Details of model training

The training of fDNN classifier consists of two stages. In the first stage, training data including labels are used to fit the forest, and predictions from each tree in the forest for all instances are then fed into the fully-connected DNN, for training in the second stage. After the two-stage training, given a testing instance, the testing prediction is calculated through the entire model by the fitted forest and DNN. Note that for implementation purpose, the forest prediction feature f_i, ∀i is one-hot encoded as shown in Fig. 1. This is the same operation as with the label vectors y_i, since the final output dimension from DNN is two.
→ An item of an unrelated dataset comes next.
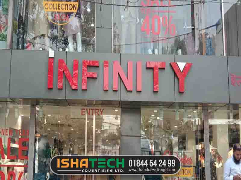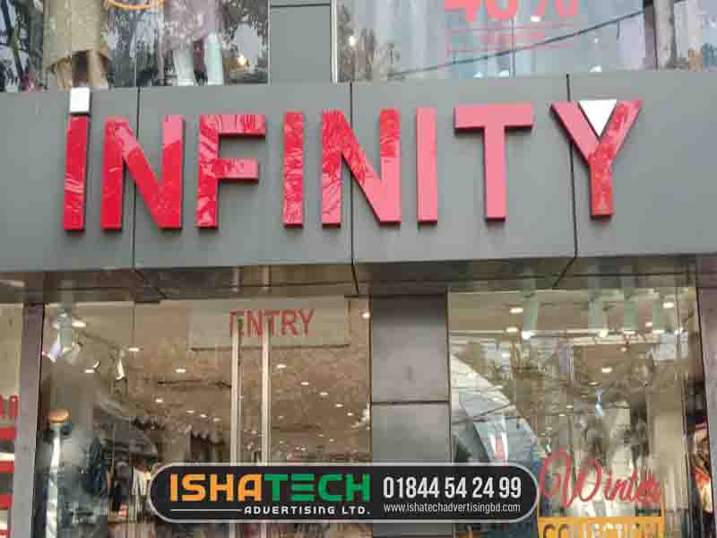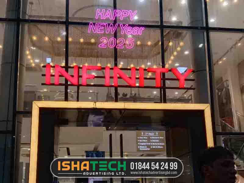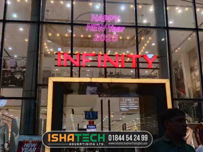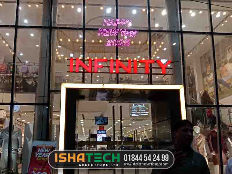 Main Entrance Signage: 3D acrylic or stainless steel channel letters with internal LED illumination are used to display the “iNFINITY Mega Mall” name prominently.

Consequently, the actual input for the DNN in our implementation is an n × M × 2 tensor rather than an n × M matrix F.

For the DNN model, the activation functions are the rectified linear unit (ReLU)²² with the form (in scalar case)

$${\sigma }_{ReLU}(x)=max(x,\mathrm{0).}$$

This activation has an advantage over sigmoid and hyperbolic tangent as it can avoid the vanishing gradient problem²³ during optimization. For the optimization algorithm, We choose the Adam optimizer²⁴ as it is the most widely used variant of traditional gradient descent algorithms in deep learning nowadays. Also, we use the mini-batch training strategy by which the optimizer randomly trains a small proportion of the samples in each iteration. Details about the Adam optimizer and mini-batch training can be seen in deep learning literature^21,24.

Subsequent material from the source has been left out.